Es ist für mich daher sehr erfreulich, dass diese Berichte einen von Jahr zu Jahr stei­genden Umsetzungsgrad ausweisen können. An dieser Stelle möchte auch ich, so wie viele Kolleginnen und Kollegen vor mir, den Dank aussprechen, der dem Bundesrech­nungshof gebührt. Dieser Dank bezieht sich auf die Arbeit, die in diesem Bericht aus­gewiesen ist.

Sehr geehrte Damen und Herren! Dieser Bericht beschäftigt sich auch sehr eingehend mit mehr Kompetenzen für den Rechnungshof, und da insbesondere mit der Auswei­tung der Prüfungskompetenz für die Gemeinden. Mit einem Entschließungsantrag vom September vergangenen Jahres haben wir die Bundesregierung aufgefordert, eine Neu­ordnung der Kompetenzen für die Gebarungsprüfungen der Gemeinden zu erarbeiten.

Ich begrüße diese Neuordnung der Prüfungskompetenzen, aber Prüfungen allein erge­ben noch keine Veränderung. Denn, sehr geehrte Damen und Herren, warum es den Gemeinden – und vor allem den kleinen und mittleren Gemeinden – finanziell schlecht geht, wissen wir ja. Insbesondere Kollege Jakob Auer hat heute Vormittag eine Viel­zahl von Gründen aufgezeigt, die dazu geführt haben.

Wir müssen alle Ressourcen darauf verwenden, strukturelle Veränderungen zu schaf­fen. Insbesondere in der Abgangsdeckung der Krankenanstalten und der Finanzierung der Pflege und Betreuung, also jener Bereiche, die vor allem durch die demographi­sche Entwicklung beeinflusst sind, brauchen wir Lösungen.

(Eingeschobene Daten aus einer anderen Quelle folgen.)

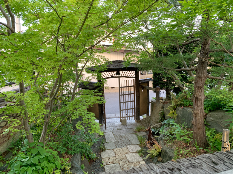 常に清水が湧き出している庭は、お店への期待感を高めます。夜はライトアップされていて細部にまでこだわり抜いた空間創造の結晶が訪れる人々に感動と癒しをもたらします。
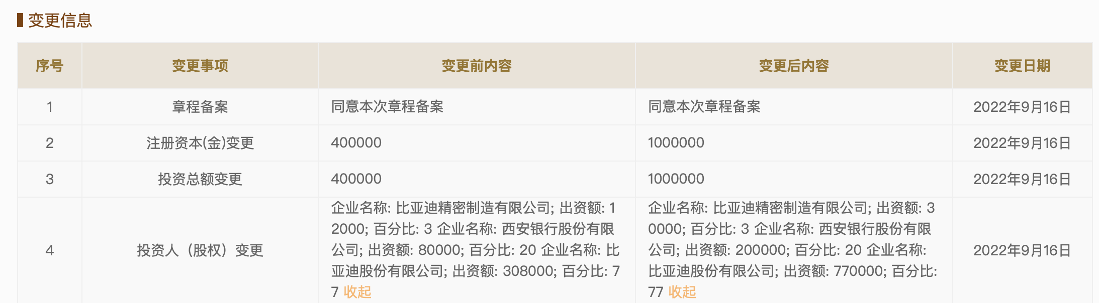 2022年4月,比亚迪公布的股东大会提案包括关于对参股公司比亚迪金融增资暨关联交易的议案。此次注册资本变更后,比亚迪金融股东比亚迪精密制造有限公司(下称 “比亚迪精密”)、西安银行和比亚迪(002594)的出资比例不变,仍是3%、20%和77%。

Vielfach wurden heute Änderungen des Finanzausgleichs als Allheilmittel dargestellt. – Ja, ich bekenne mich auch dazu, dass hier noch Verbesserungen für kleine und mittle­re Gemeinden umgesetzt werden müssen. Es können allerdings nur jene Mittel verteilt werden, die auch eingenommen werden. Wie wir wissen, müssen wir aber leider eine rückläufige Steuereinnahmensituation zur Kenntnis nehmen. Realistisch gesehen wer­den wir daher die Abgänge der Gemeinden weder über den Finanzausgleich abdecken noch über mehr Prüfungen verhindern können.

Wir müssen uns mit den Ursachen beschäftigen und dafür Lösungen finden, und da kann der Rechnungshof einen wichtigen Beitrag leisten. – Danke. (Beifall bei der ÖVP.)